How to Pay for Studying in the USA

How to Pay for US StudyIf you’ve taken the time to plan out your study abroad budget, you may be feeling a bit overwhelmed with how you can afford all of the expenses. Here are a few ideas on how to pay for college.

Personal/Family Funds

While some institutions provide financial aid for international students, the vast majority of students must pay for their undergraduate education with personal funds. Most US government-sponsored funds are for US citizens or permanent residents, so your educational costs will largely be your responsibility. Consider the following:

  • Saving for school – How much can you save for studying abroad before you leave? Can you work part- or full-time while in your home country? Most student visas do not allow off-campus work for the first year of academic study and most part-time on-campus work pays very little.
  • Family or sponsors – Have you talked with your family or others who may be willing to help you finance your educational expenses?
  • Scholarships – Have you applied for scholarships and submitted all required documentation? When will you be notified of the results? It’s a good idea to start applying for scholarships at least 18 months in advance.
  • Loans – Can you get a loan in your home country for studying abroad?

Financial Aid

Most US residents pay for their college education with a mixture of scholarships or grants, student loans which need to be repaid, and maintaining jobs while they study. These options may be limited for international students, as the US government reserves most scholarships, grants, and federal student loans for US citizens.

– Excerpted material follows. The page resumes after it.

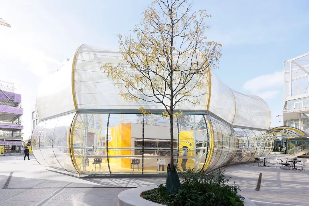 “market”- 格林威治設計區(qū)食堂位于通往格林威治半島的主要人行道路上,憑借其優(yōu)越的地理位置受到當地居民與游客的歡迎。建筑自身保持了最大的透明度,直觀地向人們展示著其內部的活動場景。
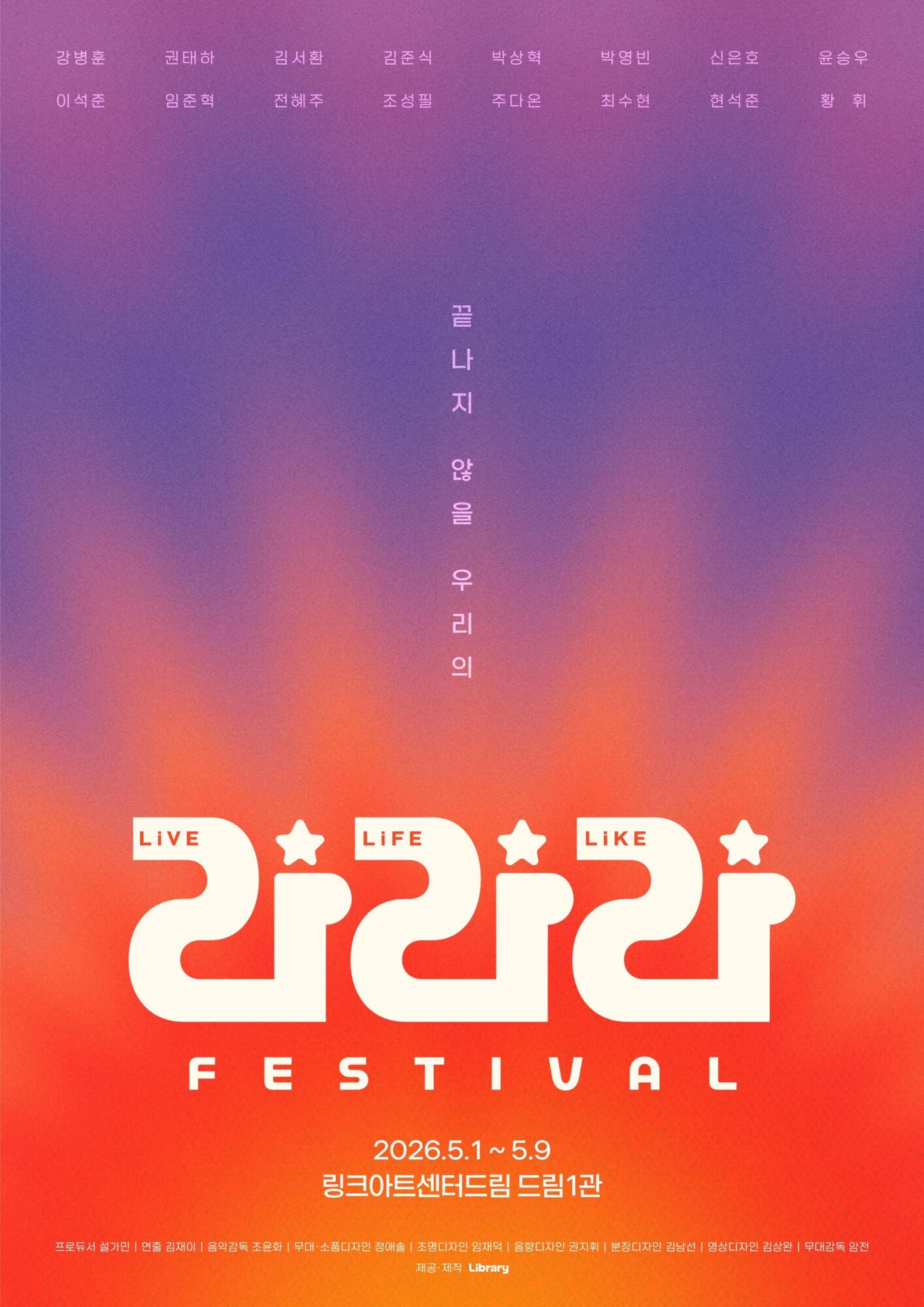 라이브 콘텐츠 기업 라이브러리컴퍼니가 주최하는 뮤지컬 배우 콘서트 ‘라라라 페스티벌’이 오는 5월 1일부터 5월 9일까지 링크아트센터드림 드림1관에서 개막한다.

However, depending on the schools you are applying to, you may receive a financial aid package, especially if you are applying to be a graduate student, based on specific requirements such as financial need, citizenship or study in a particular field. If your school of choice doesn’t offer financial aid, you may have to seek out financial aid opportunities in your home country.

Off-Campus Part-Time Job

Once you have completed a full year of academic study, you may be eligible to work off-campus part-time. This may vary depending on your visa requirements, permission from your school, and approval from the Bureau of Citizenship and Immigration Services. Also, be aware that if you do find a job in the US, you may have to pay US federal income tax on the money you earn.